Monday, February 25, 2013

Enterprise Search functionality in Sharepoint 2013

Search in SharePoint 2013



The first and foremost change to search in SharePoint 2013 is there is only one search engine.

The idea that you use the FAST engine for content and the SharePoint engine for people has been completely eliminated. In SharePoint 2013 there is a brand new search core that combines the best qualities and functionality of both SharePoint search and FAST search. The powerful indexing, linguistics, extraction, and query expressiveness are now evident throughout the platform. With this change comes another dramatic change in overall search architecture. There is now only one query language across all of SharePoint 2013, which combines the best features of FQL (FAST Query Language),  and KQL (Keyword Query Language).

 
2.      Content Crawling



Anonymous Crawl

This adds a component to the crawling feature to support anonymous crawling.
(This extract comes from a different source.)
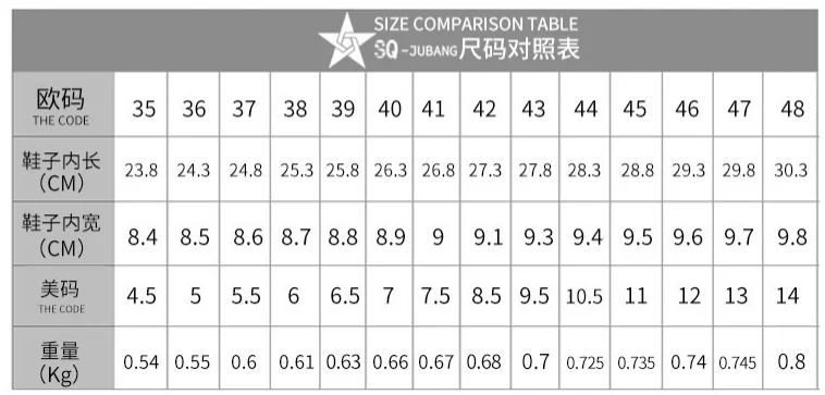 Shoe size | (Europe) 36-48 |

Prior to this change, all crawls needed to be associated to a user account or leverage other methods of authentication.

Continuous crawl

In SharePoint Server 2013, you can configure crawl schedules for SharePoint content sources so that crawls are performed continuously. Setting this option eliminates the need to schedule incremental crawls and automatically starts crawls as necessary to keep the search index fresh. Administrators should still configure full crawls as necessary.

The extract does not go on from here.